Only the lines from the one that includes "Kırık Seramikten Bakan" through the last line below belong in the reply, copied exactly and without pictures.

Information shown: Begin

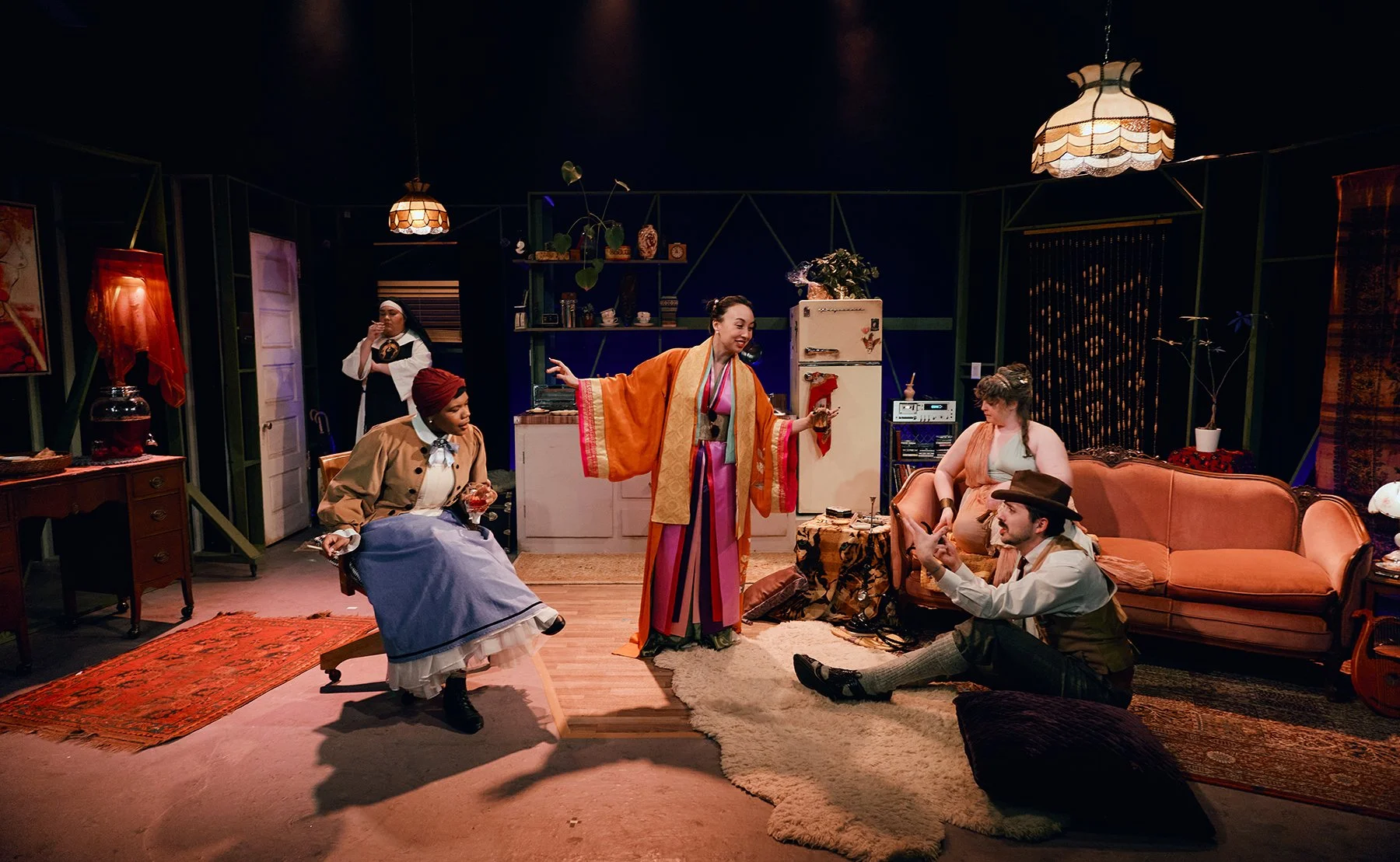 Making her entrance boldly and loudly is….a nun?? We puzzle quietly to ourselves with a furrowed brow. We didn’t think these two were particularly religious given what we’ve seen so far, but hey, we love an inclusive party. Trailing not far behind our first guest is none other than…Sappho! Now we’re starting to put the pieces together. One after another, more influential women (and one gay man) writers of the past enter this cozy apartment offering Caryl congratulations on her new play opening on the West End. It’s a big moment for her and she’s brought all her inspirations together tonight to eat, smoke, and be merry.
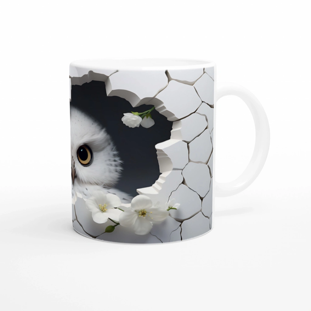 Kırık Seramikten Bakan Beyaz Baykuş Baskılı Kupa Bardak
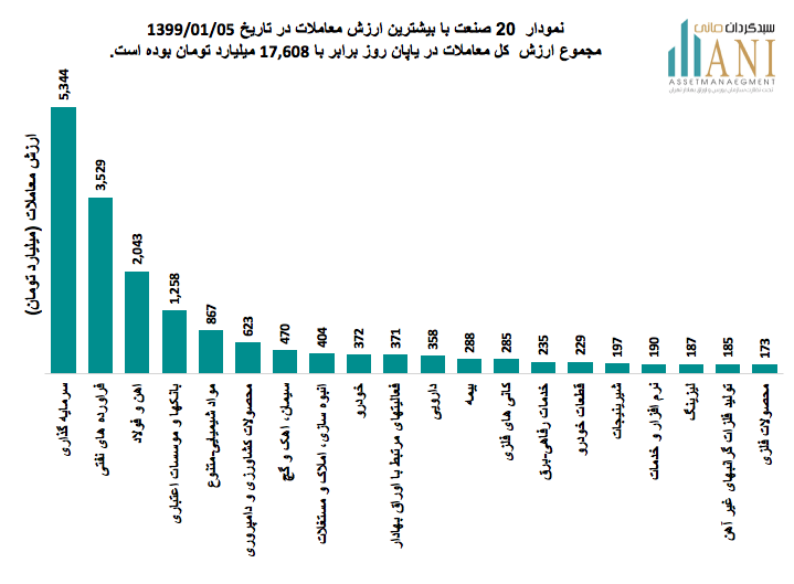 نمودار 20 صنعت با بیشترین ارزش معاملات در تاریخ 1399/05/01، مجموع ارزش کل معاملات در پایان روز برابر با 17,608 میلیارد تومان بوده است. صنایع سرمایه گذاری، فراورده های نفتی، آهن و فولاد، و بانک ها به ترتیب 30%، 20% ، 12% و 7% از ارزش کلی معاملات را به خود اختصاص داده اند.

Information shown: End

Response to this task ▸
 Kırık Seramikten Bakan Beyaz Baykuş Baskılı Kupa Bardak
 نمودار 20 صنعت با بیشترین ارزش معاملات در تاریخ 1399/05/01، مجموع ارزش کل معاملات در پایان روز برابر با 17,608 میلیارد تومان بوده است. صنایع سرمایه گذاری، فراورده های نفتی، آهن و فولاد، و بانک ها به ترتیب 30%، 20% ، 12% و 7% از ارزش کلی معاملات را به خود اختصاص داده اند.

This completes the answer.